Regardless of what religion you adhere to, or even if you're not religious, there are certain places that evoke feelings of awe and wonder. These places may not move you to suddenly believe in an unseen power, but the sheer beauty and depth of history can be enough to take your breath away. Here are ten of the most holy places that you can find on the globe.

Rio de Janeiro, Brazil

On the Corcovado mountain high above Rio de Janeiro, you will find one of the world’s most visited holy statues, the Cristo Redentor or Christ the Redeemer. In 1931, the statue was inaugurated as an icon of faith to celebrate the Centenary of Brazilian Independence of 1822. The statue has open arms, a gesture of blessing, protection and power.

Mount Fuji, Japan

Japan is a very tranquil and picturesque country with a lot of religious and cultural history. The elegant Mount Fuji is a mysterious and spiritual landmark that has inspired art and literature throughout the ages.

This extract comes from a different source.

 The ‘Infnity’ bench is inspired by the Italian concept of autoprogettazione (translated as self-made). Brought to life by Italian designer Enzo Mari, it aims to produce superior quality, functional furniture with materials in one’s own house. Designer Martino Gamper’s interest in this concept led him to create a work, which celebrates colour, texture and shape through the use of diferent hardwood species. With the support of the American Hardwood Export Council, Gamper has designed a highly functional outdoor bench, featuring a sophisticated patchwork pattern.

For generations, Mount Fuji, also called Fujiyama (“everlasting life”) has been considered a sacred mountain that pilgrims climb as a religious experience. An estimated 200,000 people climb Mount Fuji every year, about 30 per cent are foreigners.

Sedona, Arizona

You don’t have to leave North America to find places known for miracles. Sedona, especially the Navajo region, is a noted spiritual hotspot. It has been a pilgrimage destination since prehistoric times. Long before the Europeans settled North America, the indigenous Navajo aboriginals and natives from Canada and Central America journeyed here for healing and learning.

Sedona features rich red sandstone buttes and monoliths. These rocks are said to emit a powerful energy, which may be because of their high concentration of magnetic iron. The spiritual pull is palpable, especially at sunset when the mountains catch fire with reflected glow.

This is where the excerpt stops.